An economic surge would help to both convince voters of the necessity of his unpopular economic reforms and to ease the nation’s current high unemployment.

As it is, economists are expecting growth in the German economy to fall short of two percent in 2004 after chalking up a meagre 0.2 percent growth rate in the final three months of 2003.

Economists are already starting to revise down their first-quarter growth projections for the country.

Only last week the euro appeared to be making its way towards the key USD 1.30 dollars mark by hitting an all-time high of USD 1.2930. The common currency has charged ahead by about 20 percent over the last 12 months.

In recent days, however, the euro has slipped back and was trading Tuesday at USD 1.2569 following the release of the latest Ifo report.

Analysts said that the surprise fall in this month’s reading also reflected uncertainty about the outlook for economic reforms in Germany following Schroeder’s surprise resignation as SPD leader.

The February Ifo report marks the first time that the institute has merged its previously separate readings for western and eastern Germany to produce a new pan-German business confidence index, using 2000 as a base year instead of 1991.

The new pan-German report shows the future business component of the report falling to its lowest level since October, which largely cancelled out a modest rise in the industry leaders’ current business assessment.

While the Ifo report showed business expectations for the coming months dropping to 100.4 from 102.9 reached in January, the index measuring current conditions edged up to 92.6 from January’s 92.5.

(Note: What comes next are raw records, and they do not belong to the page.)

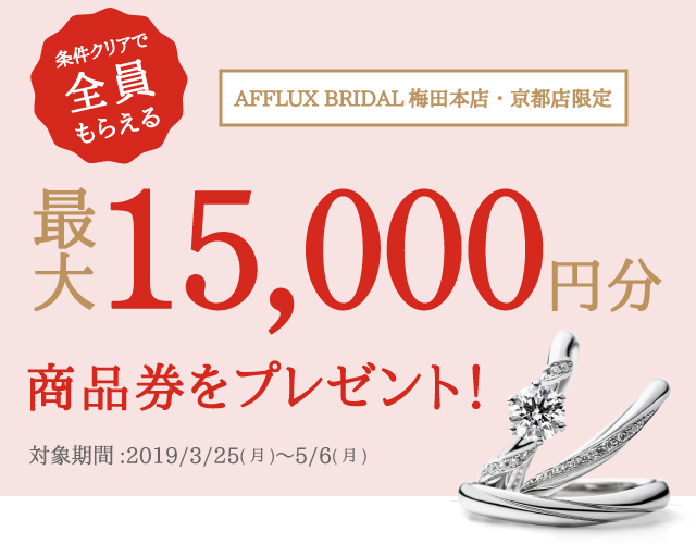 初来店で毎日13:59迄に来店予約された上で、婚約指輪or結婚指輪(ペア)ご成約の方に最大で¥15,000分のギフト券をプレゼントさせて頂いているんです。これは先週より始まった超お得な早期来店キャンペーンで、AFFLUXでも珍しい内容です。幾つかの条件はございますので、詳細はこちらからご覧下さいませ → https://www.a-test.cnxt.jp/news/springfair2019/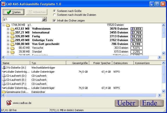 Fragen Sie sich auch manchmal, warum Ihre Festplatte schon wieder voll ist und woher die ganzen Daten gekommen sind und wo sich diese verbergen? Das Programm hilft Ihnen beim Aufräumen Ihrer Festplatte. Es listet alle Verzeichnisse sortiert nach der Größe der darin enthaltenen Daten und nach der Anzahl der darin enthaltenen Dateien auf. Sie sehen also sofort, was besonders viel Platz beansprucht und was Sie davon nicht mehr benötigen, können Sie dann auch gleich in den Papierkorb verschieben.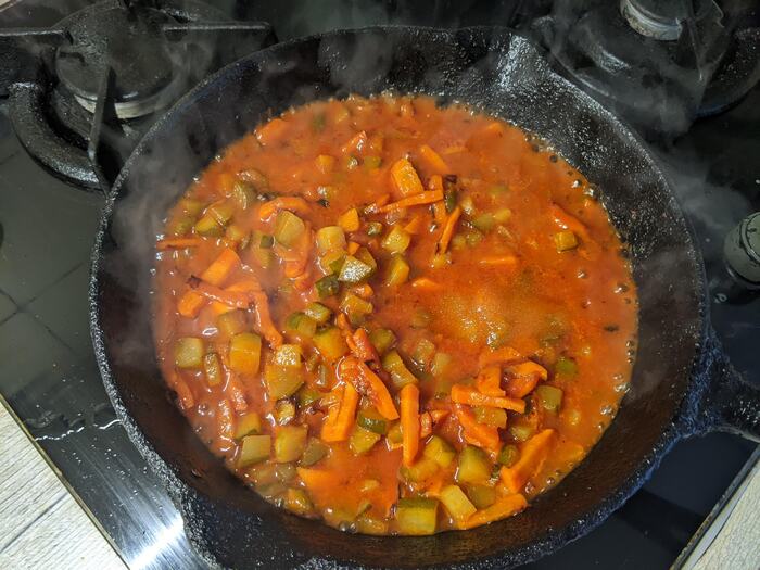 Проверяем, как там картошка. Если уже мягкая - отправляем к ней в бульон томатную заправку. Если собираетесь свежую рыбу класть - тоже сейчас самое время.

“The unfavourable development occurred mainly in wholesaling and manufacturing, where both the business situation and the expectations worsened,” Ifo said.

However, optimism among Germany’s hard-pressed retailers increased, the survey said.

The drop in the Ifo index follows the release earlier this month of another key economic indicator which showed German investor confidence falling for the second month in February.

Compiled by the Mannheim-based Centre for European Economic Research, the so-called ZEW index also posted a much bigger-than- forecast fall in its monthly reading.